Die kanadische Außenministerin Chrystia Freeland begründete diese Entscheidung damit, dass Investor-Staat-Klageverfahren (ISDS) die kanadischen Steuerzahler*innen mehr als 300 Millionen Dollar gekostet hätten und die Rechte von Unternehmen über die von unabhängigen Regierungen stellten. Obwohl Freeland maßgeblich an dem Abschluss der CETA-Verhandlungen mit Konzerklagerechten beteiligt war, argumentierte sie im Falle des nordamerikanischen Abkommens, dass dadurch ihre Regierung in ihrem Recht gestärkt würde im öffentlichen Interesse zu regulieren, die öffentliche Gesundheit und die Umwelt zu schützen.

Eine Ratifizierung von CETA käme einer Selbstentmachtung der Politik im Kampf gegen die Klimakatastrophe gleich. Zukünftige Klimaschutzmaßnahmen würden durch weitere Konzernklagen nur unnötig verteuert und ausgebremst. Bundestag und Bundesrat müssen endlich auf die Proteste von Fridays For Future hören. Klimaschutz muss ins Zentrum aller politischen Bemühungen gestellt werden.
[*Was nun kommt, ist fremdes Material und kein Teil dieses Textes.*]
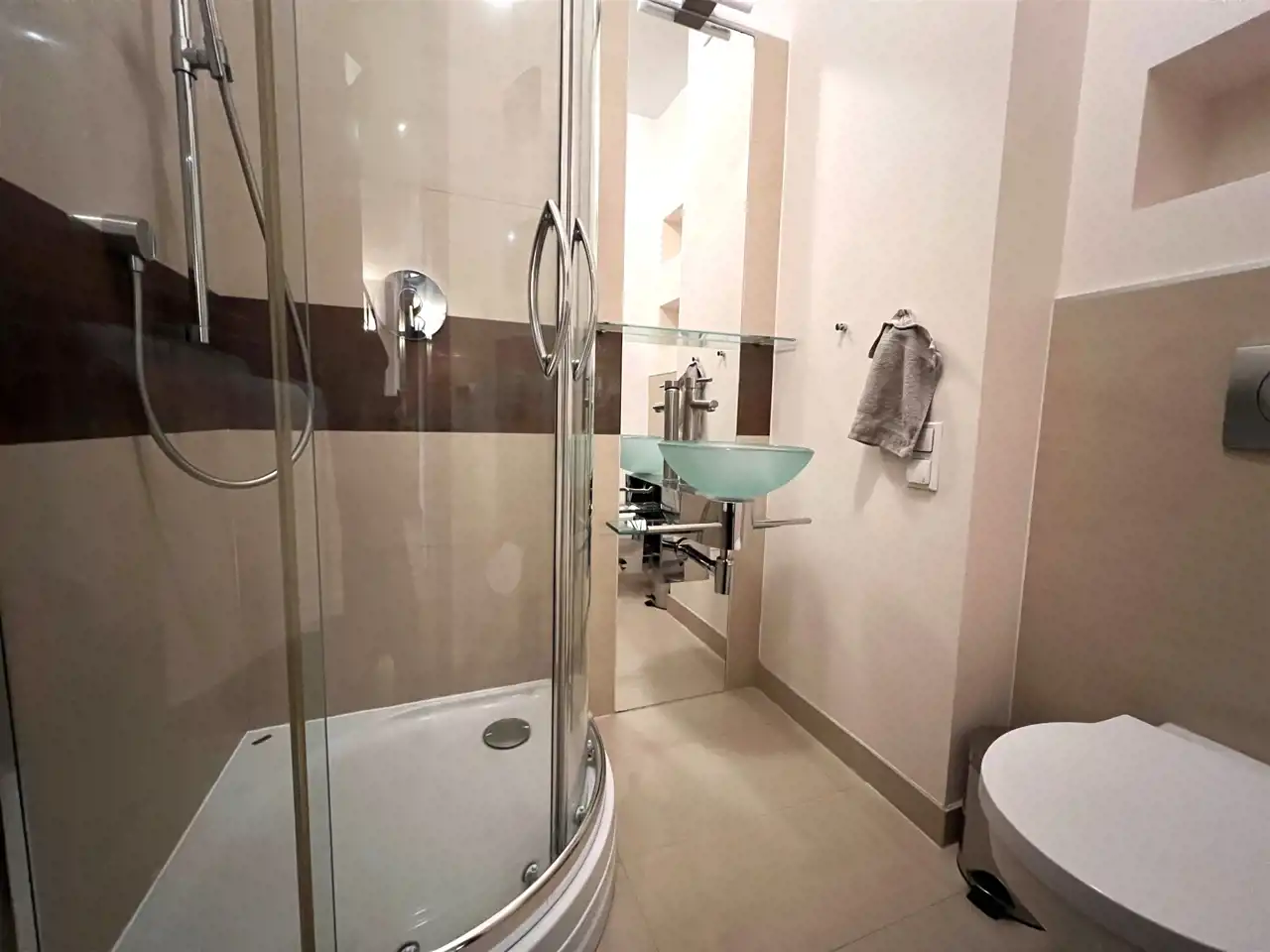 - STANDARD WYKOŃCZEŃ: w pokojach na podłogach parkiet egzotyczny, w łazienkach i w aneksie kuchennym terakota i glazura, ściany gładzie gipsowe pomalowane,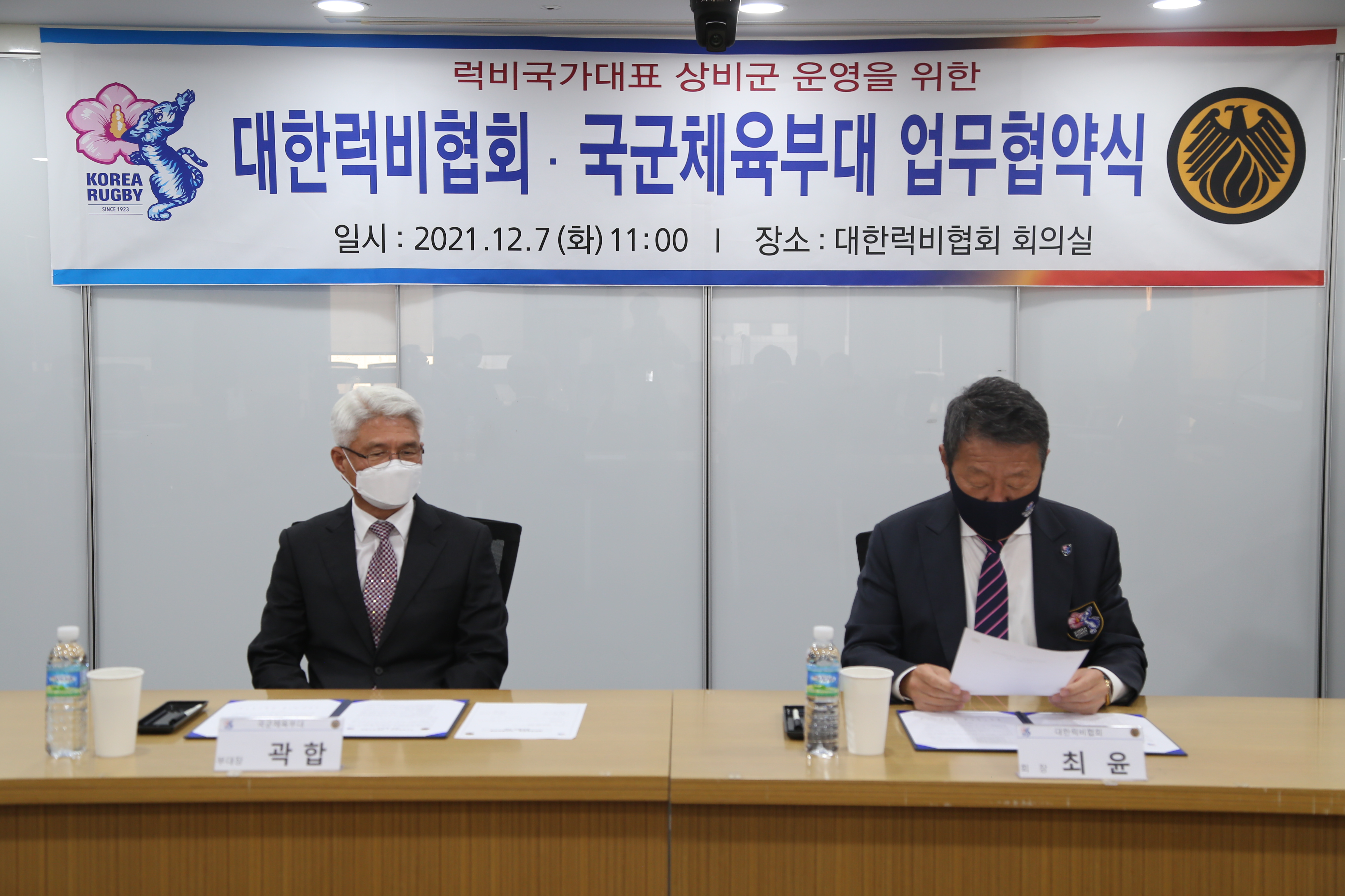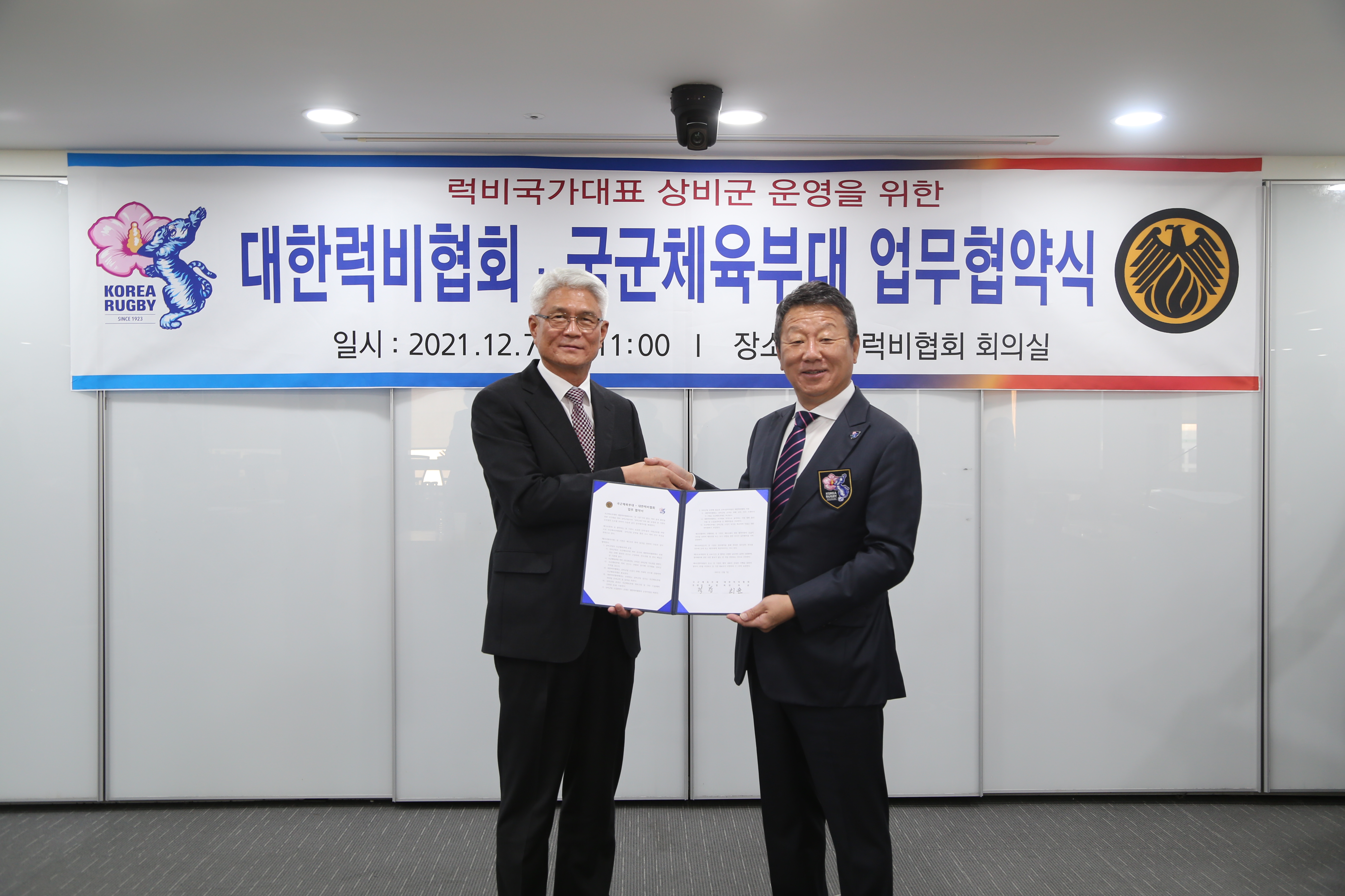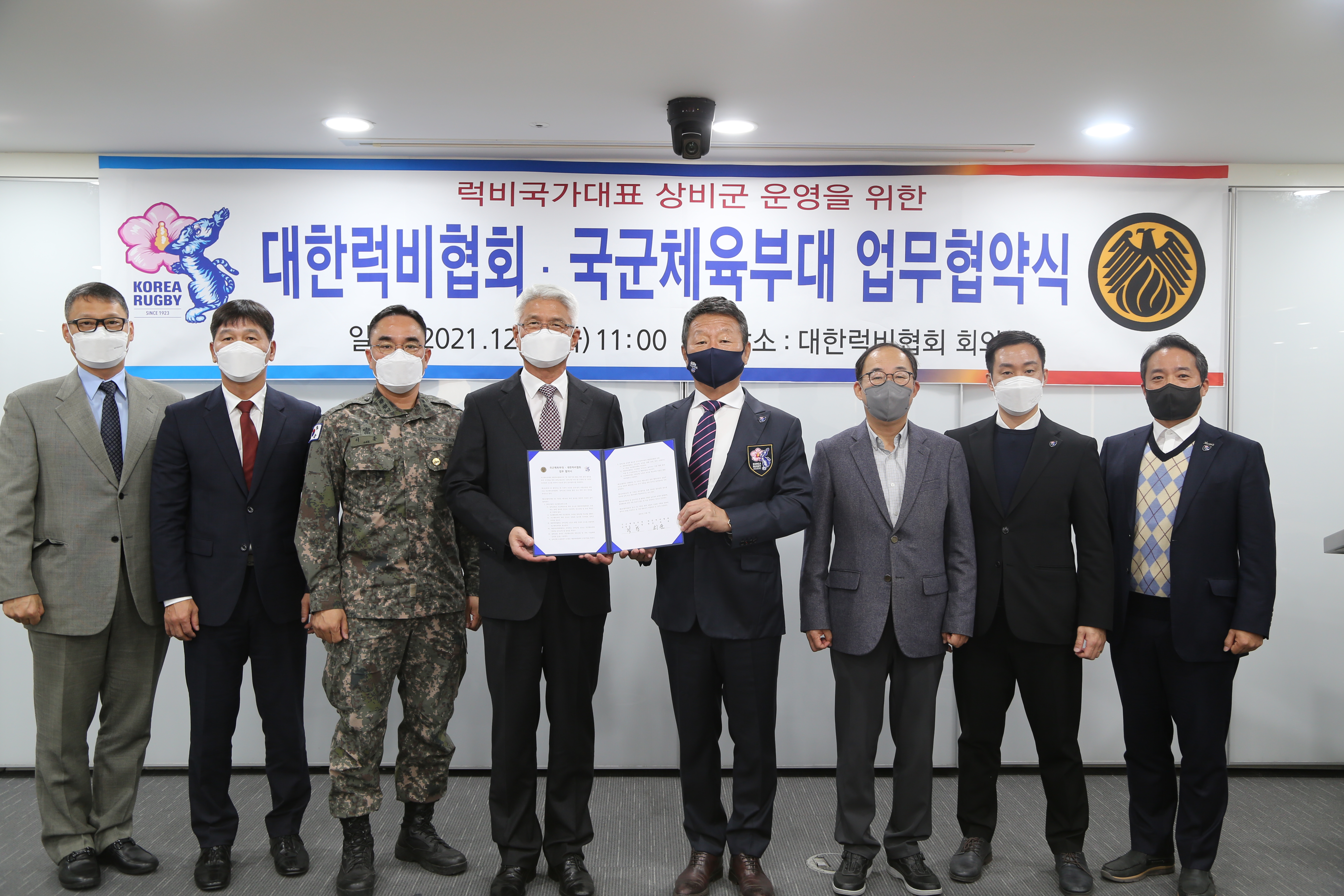 2021년 12월 7일 국군체육부대와 "럭비 종목 발전을 위한 국가대표 럭비 상비군팀 운영"에 관한 업무 협약을 체결하였습니다.

Dazu gehört es auch, Konzernklagerechte zu stoppen und keine neuen Handels- und Investitionsschutzabkommen wie CETA zu unterzeichnen.

Alessa Hartmann ist Referentin für Handels- und Investitionspolitik bei der Berliner NGO PowerShift e.V. Sie untersucht die Folgen der europäischen Handels- und Investitionspolitik seit zehn Jahren.